Desde muito cedo, fez prevalecer a generosidade da entrega à causa da independência.
Esta causa conduziu muitos jovens de diferentes condições étnicas, sociais e de formação, que não aceitavam o regime colonial, como os que nos idos de sessenta do século passado prosseguiram os estudos superiores em Portugal e deixaram tudo para trás com uma centena deles saindo clandestinamente do País para se integrar nos movimentos e partidos anticolonialistas.
Há nomes que a História regista - Agostinho Neto, França Van Dunem, Joaquim Chissano, Miguel Trovoada, Amílcar Cabral, Pedro Pires, Alda Lara, Alda do Espírito Santo e dezenas de outros.
Na "Geração da Utopia" Pepetela fala dos ideais que os moveram.
Na qualidade de Secretário-geral da UCCLA, honrei a memória de todos eles, reeditando as obras que, na Casa dos Estudantes do Império, publicaram e promovi incontáveis iniciativas para que a História os não esqueça.
José Eduardo dos Santos não estudou em Portugal, mas procurou sempre aprofundar a entreajuda com os povos que falam em português, sendo fundador da CPLP.
Ao integrar-se na luta de libertação nacional, o mundo era bipolar, com os EUA e a ex-URSS como superpotências a dinamizar em África uma "guerra quente".

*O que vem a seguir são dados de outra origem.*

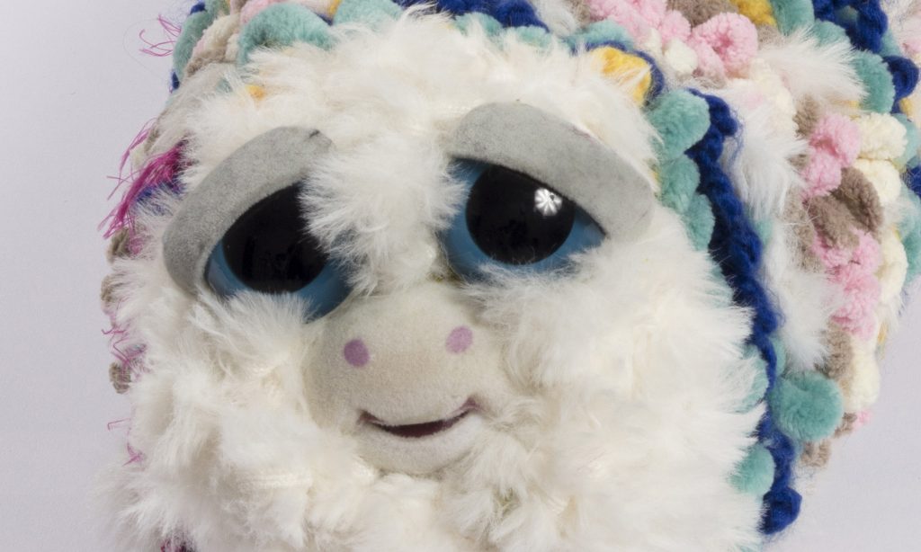 Hannah Epstein. Soft Worm, 2019. Wool, acrylic, burlap, polyfill and found toy parts, 7 x 6 x 56 inches (17.8 x 15.2 x 142.2 cm) Detail
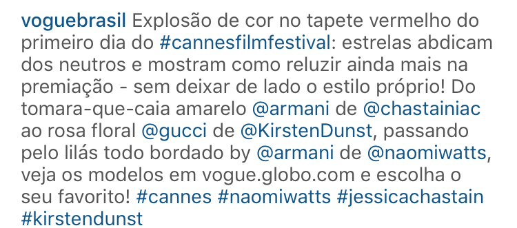 Uma boa opção são os lindos looks que desfilaram no Red Carpet de Cannes . Aliás esse é um dos eventos mais esperados do ano, onde as atrizes aparecem mais lindamente vestidas. Nesse ano não foi diferente: cores suaves, estampas florais , uma super inspiração para um casamento de tarde, na praia ou no campo!

Esse mundo desapareceu com a implosão da ex-URSS, em 1989, sendo José Eduardo dos Santos Presidente de Angola há apenas dez anos, tendo assumido as funções de Presidente com apenas 37 anos.
Mal se apercebeu da dimensão das mudanças que se haviam de operar no mundo, não hesitou em deslocar-se a Gbadolite, terra natal de Mobutu, para, na presença de dezoito chefes de Estado africanos, apertar a mão a Jonas Savimbi e aceitar que, a partir das 00:00 horas do dia seguinte, a metralha da guerra civil de Angola deveria calar-se.
A guerra persistiria, mas ele não afrouxou na necessidade de assinar um acordo de paz com a envolvência da comunidade internacional, o que foi alcançado em Bicesse, em Abril de 1990, levando à realização de eleições livres em Angola, em 1992, que adoptaram o multipartidarismo.
Acompanhei de perto os acordos de Bicesse por ter sido um dos coorganizadores do Iº Congresso dos Quadros Angolanos no Exterior, que teve grande e decisiva influência no quadro da paz e sei do papel que teve neste domínio.
As eleições que se realizaram em 1992 não criaram, porém, condições para o termo da guerra.
Ela prosseguiu mais de doze anos, até 2002, com os acordos de paz celebrados no Leste de Angola.
É inegável que Angola e os angolanos não podem deixar de levar a crédito os esforços e as acções em concreto que José Eduardo dos Santos desenvolveu para a reconciliação nacional.
Quando tomou posse como Presidente da República, volvidos dois anos sobre os gravíssimos acontecimentos que enlutaram Angola, em 27 de Maio de 1977, não poupou esforços para a reconciliação face aos milhares de desaparecidos.
Nem tudo são rosas num mandato tão longo, sobretudo em domínios que respeitam à gestão da causa pública e à defesa da transparência, que, aliás, já ficara registada no Congresso do MPLA ocorrido na Zâmbia, antes da independência que precedeu a entrada do partido em Luanda e a que Agostinho Neto, então Presidente do MPLA, pôs termo perante perguntas que considerou inconvenientes sobre as contas do partido.
Relativamente a José Eduardo dos Santos, há ainda a debilidade de, nas políticas públicas, não ter priorizado a autossustentabilidade do País.
Neste momento, aqui e agora, a escassos dias do seu desaparecimento, a um mês das eleições gerais em Angola, há responsavelmente que se fazer convergir todos os esforços para a recriação da esperança num futuro melhor para os angolanos, que tanto o merecem pelo que têm sofrido, reforçando-se o diálogo interpartidário para que a conflitualidade não seja artificialmente dinamizada.
Daí que se releve o papel que José Eduardo dos Santos teve na reconciliação dos angolanos, papel esse que os cidadãos manifestam de forma generalizada.
A História fará sobressair o importante contributo que ele deu para a paz.